В "Языке поэзии" повествуются мифы о похищении Идунн, обладательницы


волшебных яблок, и великане Тьяцци, о меде поэзии, о Торе и великане Хрунгнире, о
Торе и великане Гейррёде, а также о волосах богини Сив и сокровищах богов. В
отличие от "Видения Гюльви", где рассказываются только мифы, или сказания о
богах, "Язык поэзии" содержит и ряд героических сказаний, а именно сказания о
Нифлунгах, о мельнице Гротти, о Хрольве Жердинке, о битве Хьяднингов.
Источники всех этих мифов и сказаний те же, что и у мифов в "Видении Гюльви"
древние песни, скальдические стихи, устные рассказы, а может быть, и
некоторые уже раньше записанные произведения. В отличие от мифов "Видения
Гюльви" мифы и сказания Языка поэзии" образуют лишь вкрапления в текст учебника
поэтического искусства. Эти вкрапления распределены очень неравномерно: вначале
они идут подряд, в конце их нет совсем. Однако сами по себе мифы и сказания,
приводимые в "Языке поэзии", ни по форме, ни по содержанию ничуть не уступают
тем, которые рассказываются в "Видении Гюльви". Знаменитый миф о меде поэзии и
знаменитое сказание о Нифлунгах (или Нибелунгах) рассказываются именно здесь.

Мифы и сказания приводятся в "Языке поэзии" с целью пояснить то или иное


поэтическое обозначение. Например, задается вопрос: "Почему золото называют
посевом Хрольва?". Затем следует рассказ о легендарном датском конунге Хрольве по
прозвищу Жердинка и, в частности, о том, как он разбрасывает золото в долине реки
Фюри перед преследующим его шведским конунгом Адильсом. "С той поры золото и
зовется посевом Хрольва или долины Фюри", – говорится в заключение. Поэтические
обозначения вроде "посев Хрольва" назывались "кеннингами". Такие обозначения
играли в поэзии скальдов огромную роль, и большинство скальдических кеннингов
известно именно из "Языка поэзии". Кеннинги употреблялись также в древней поэзии
других германских народов, но нигде они не получили такого богатого развития, как в
поэзии скальдов. В "Языке поэзии" приводятся, например, такие причудливые
кеннинги, как "огонь струящегося пути угрей" (т. е. золото, так как "путь угрей" – это
море, а "огонь моря" – золото), "расточитель янтаря холодного луга кабана Видблинди"
(т. е. мужчина, так как "кабан Видблинди" – это кит, "луг кита" – море, "янтарь моря" –
золото, а "расточитель золота" – мужчина), "испытатель племени костей земли" (т. е.
Тор, так как "кости земли" это горы, "племя гор" – великаны, а "испытатель великанов"
– Тор) и многие другие, не менее причудливые.

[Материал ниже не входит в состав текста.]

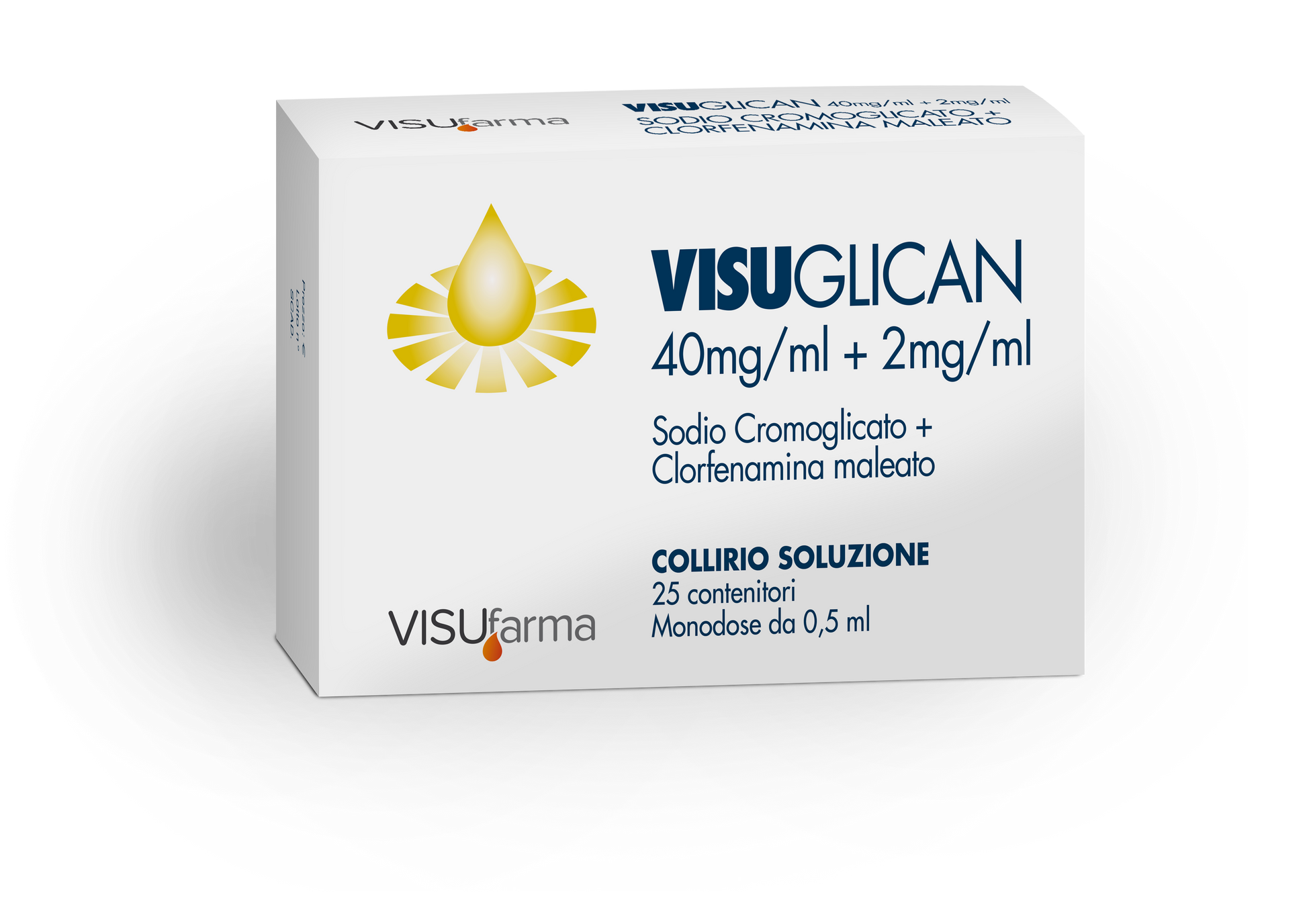 VISUGLICAN appartiene ad un gruppo di farmaci chiamati decongestionanti ed antiallergici e contiene due principi attivi: Sodio cromoglicato e Clorfenamina maleato.

В "Языке поэзии" – основном источнике наших знаний о скальдическом


кеннинге – много неясного. Строго логических определений, точно
употребляемых терминов, последовательной классификации у Снорри нет. В
начале "Языка поэзии" Снорри говорит: "Всякую вещь можно назвать своим именем.
Второй вид поэтического выражения это то, что зовется замена имен [fornöfn]. А
третий вид называется кеннингом [kenning, буквально "обозначение"]". Дальше
поясняется, что такое кеннинг. Но примера "замены имен" здесь не приводится.
По-видимому, то, что здесь названо "замена имен", – это так называемые
"хейти" (heiti, буквально "названия"), т. е. поэтические синонимы (они приводятся,
например, в "Языке поэзии"). Там же приводятся разновидности хейти, называемые
видкеннинг (viðkenning), т. е., по-видимому, слова типа "наследник", "убийца" и т. п. в
кеннингах "наследник Хакона", "убийца Фафнира" и т. п., и саннкеннинг (sannkenning)
т. е., по-видимому, сложные слова со значениями типа "мудрый человек" и т. п. (в
переводе здесь форма этой разновидности хейти не соблюдена). А несколько раньше
хейти определяется как "свое имя вещи". Вместе с тем Снорри не столько дает
определение кеннинга, сколько его пример ("Тюр победы", "Тюр повешенных" или
"Тюр ноши", т. е. "Один"). Но, как видно из дальнейшего, эти примеры иллюстрируют
только одну из разновидностей кеннинга. То, что Снорри относит к кеннингам, в
сущности, не поддается определению. По-видимому, всего последовательней
считать, что кеннинг – это любой дву- или многочленный заменитель
существительного обычной речи. Что же касается разновидностей кеннингов, то их
последовательной классификации нет не только у Снорри, но и у исследователей
языка скальдов.

В заключительной части "Языка поэзии" приводится большое количество хейти.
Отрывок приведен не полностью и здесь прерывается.